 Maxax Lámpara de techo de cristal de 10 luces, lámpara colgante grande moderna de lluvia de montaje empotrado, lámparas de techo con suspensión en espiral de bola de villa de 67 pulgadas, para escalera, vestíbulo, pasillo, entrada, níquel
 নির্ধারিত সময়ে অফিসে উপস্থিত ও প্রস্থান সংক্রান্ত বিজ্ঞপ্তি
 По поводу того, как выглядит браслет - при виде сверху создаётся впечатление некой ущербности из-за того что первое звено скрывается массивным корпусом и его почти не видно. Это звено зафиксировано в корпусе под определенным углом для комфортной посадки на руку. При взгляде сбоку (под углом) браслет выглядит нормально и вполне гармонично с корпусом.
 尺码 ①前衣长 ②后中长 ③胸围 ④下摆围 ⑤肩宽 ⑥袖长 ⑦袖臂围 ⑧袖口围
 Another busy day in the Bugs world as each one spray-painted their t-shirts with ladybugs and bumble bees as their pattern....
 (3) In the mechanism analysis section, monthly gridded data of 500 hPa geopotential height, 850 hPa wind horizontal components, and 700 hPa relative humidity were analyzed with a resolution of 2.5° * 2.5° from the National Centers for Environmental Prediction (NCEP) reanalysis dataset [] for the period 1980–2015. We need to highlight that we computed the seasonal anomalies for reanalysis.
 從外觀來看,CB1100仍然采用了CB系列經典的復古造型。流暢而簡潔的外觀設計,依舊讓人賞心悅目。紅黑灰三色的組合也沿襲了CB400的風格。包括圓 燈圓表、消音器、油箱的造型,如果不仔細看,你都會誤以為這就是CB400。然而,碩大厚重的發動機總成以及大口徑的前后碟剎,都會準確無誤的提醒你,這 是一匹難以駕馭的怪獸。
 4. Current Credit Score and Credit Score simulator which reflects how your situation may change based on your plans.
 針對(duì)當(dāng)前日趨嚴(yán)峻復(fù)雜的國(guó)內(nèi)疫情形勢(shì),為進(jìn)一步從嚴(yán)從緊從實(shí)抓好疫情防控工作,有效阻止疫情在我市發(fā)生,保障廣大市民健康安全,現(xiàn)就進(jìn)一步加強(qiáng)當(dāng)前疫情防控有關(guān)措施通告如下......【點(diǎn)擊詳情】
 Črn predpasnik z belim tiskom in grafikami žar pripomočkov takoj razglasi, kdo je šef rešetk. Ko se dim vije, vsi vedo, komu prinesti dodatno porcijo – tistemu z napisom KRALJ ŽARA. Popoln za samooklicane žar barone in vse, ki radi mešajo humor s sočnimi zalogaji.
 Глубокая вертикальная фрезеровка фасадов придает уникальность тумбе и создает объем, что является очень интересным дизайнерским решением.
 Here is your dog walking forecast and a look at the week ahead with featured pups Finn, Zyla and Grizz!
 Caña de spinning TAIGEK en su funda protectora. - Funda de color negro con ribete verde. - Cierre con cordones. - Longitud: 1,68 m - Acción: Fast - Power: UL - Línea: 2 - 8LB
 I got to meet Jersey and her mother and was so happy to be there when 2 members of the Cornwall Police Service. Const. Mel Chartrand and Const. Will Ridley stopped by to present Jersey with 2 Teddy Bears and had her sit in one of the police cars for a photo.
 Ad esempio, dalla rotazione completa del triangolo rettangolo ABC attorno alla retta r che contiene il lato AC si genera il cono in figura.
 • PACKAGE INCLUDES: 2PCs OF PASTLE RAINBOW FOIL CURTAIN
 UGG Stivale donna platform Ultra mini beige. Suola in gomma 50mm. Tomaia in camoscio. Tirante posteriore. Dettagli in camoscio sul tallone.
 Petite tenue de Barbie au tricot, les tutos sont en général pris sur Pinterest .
+ + + + + + +
● **TRY IT**: All of the entries must be given again, word for word.

● **THE COMPLETED TASK**:
 Maxax Lámpara de techo de cristal de 10 luces, lámpara colgante grande moderna de lluvia de montaje empotrado, lámparas de techo con suspensión en espiral de bola de villa de 67 pulgadas, para escalera, vestíbulo, pasillo, entrada, níquel
 নির্ধারিত সময়ে অফিসে উপস্থিত ও প্রস্থান সংক্রান্ত বিজ্ঞপ্তি
 По поводу того, как выглядит браслет - при виде сверху создаётся впечатление некой ущербности из-за того что первое звено скрывается массивным корпусом и его почти не видно. Это звено зафиксировано в корпусе под определенным углом для комфортной посадки на руку. При взгляде сбоку (под углом) браслет выглядит нормально и вполне гармонично с корпусом.
 尺码 ①前衣长 ②后中长 ③胸围 ④下摆围 ⑤肩宽 ⑥袖长 ⑦袖臂围 ⑧袖口围
 Another busy day in the Bugs world as each one spray-painted their t-shirts with ladybugs and bumble bees as their pattern....
 (3) In the mechanism analysis section, monthly gridded data of 500 hPa geopotential height, 850 hPa wind horizontal components, and 700 hPa relative humidity were analyzed with a resolution of 2.5° * 2.5° from the National Centers for Environmental Prediction (NCEP) reanalysis dataset [] for the period 1980–2015. We need to highlight that we computed the seasonal anomalies for reanalysis.
 從外觀來看,CB1100仍然采用了CB系列經典的復古造型。流暢而簡潔的外觀設計,依舊讓人賞心悅目。紅黑灰三色的組合也沿襲了CB400的風格。包括圓 燈圓表、消音器、油箱的造型,如果不仔細看,你都會誤以為這就是CB400。然而,碩大厚重的發動機總成以及大口徑的前后碟剎,都會準確無誤的提醒你,這 是一匹難以駕馭的怪獸。
 4. Current Credit Score and Credit Score simulator which reflects how your situation may change based on your plans.
 針對(duì)當(dāng)前日趨嚴(yán)峻復(fù)雜的國(guó)內(nèi)疫情形勢(shì),為進(jìn)一步從嚴(yán)從緊從實(shí)抓好疫情防控工作,有效阻止疫情在我市發(fā)生,保障廣大市民健康安全,現(xiàn)就進(jìn)一步加強(qiáng)當(dāng)前疫情防控有關(guān)措施通告如下......【點(diǎn)擊詳情】
 Črn predpasnik z belim tiskom in grafikami žar pripomočkov takoj razglasi, kdo je šef rešetk. Ko se dim vije, vsi vedo, komu prinesti dodatno porcijo – tistemu z napisom KRALJ ŽARA. Popoln za samooklicane žar barone in vse, ki radi mešajo humor s sočnimi zalogaji.
 Глубокая вертикальная фрезеровка фасадов придает уникальность тумбе и создает объем, что является очень интересным дизайнерским решением.
 Here is your dog walking forecast and a look at the week ahead with featured pups Finn, Zyla and Grizz!
 Caña de spinning TAIGEK en su funda protectora. - Funda de color negro con ribete verde. - Cierre con cordones. - Longitud: 1,68 m - Acción: Fast - Power: UL - Línea: 2 - 8LB
 I got to meet Jersey and her mother and was so happy to be there when 2 members of the Cornwall Police Service. Const. Mel Chartrand and Const. Will Ridley stopped by to present Jersey with 2 Teddy Bears and had her sit in one of the police cars for a photo.
 Ad esempio, dalla rotazione completa del triangolo rettangolo ABC attorno alla retta r che contiene il lato AC si genera il cono in figura.
 • PACKAGE INCLUDES: 2PCs OF PASTLE RAINBOW FOIL CURTAIN
 UGG Stivale donna platform Ultra mini beige. Suola in gomma 50mm. Tomaia in camoscio. Tirante posteriore. Dettagli in camoscio sul tallone.
 Petite tenue de Barbie au tricot, les tutos sont en général pris sur Pinterest .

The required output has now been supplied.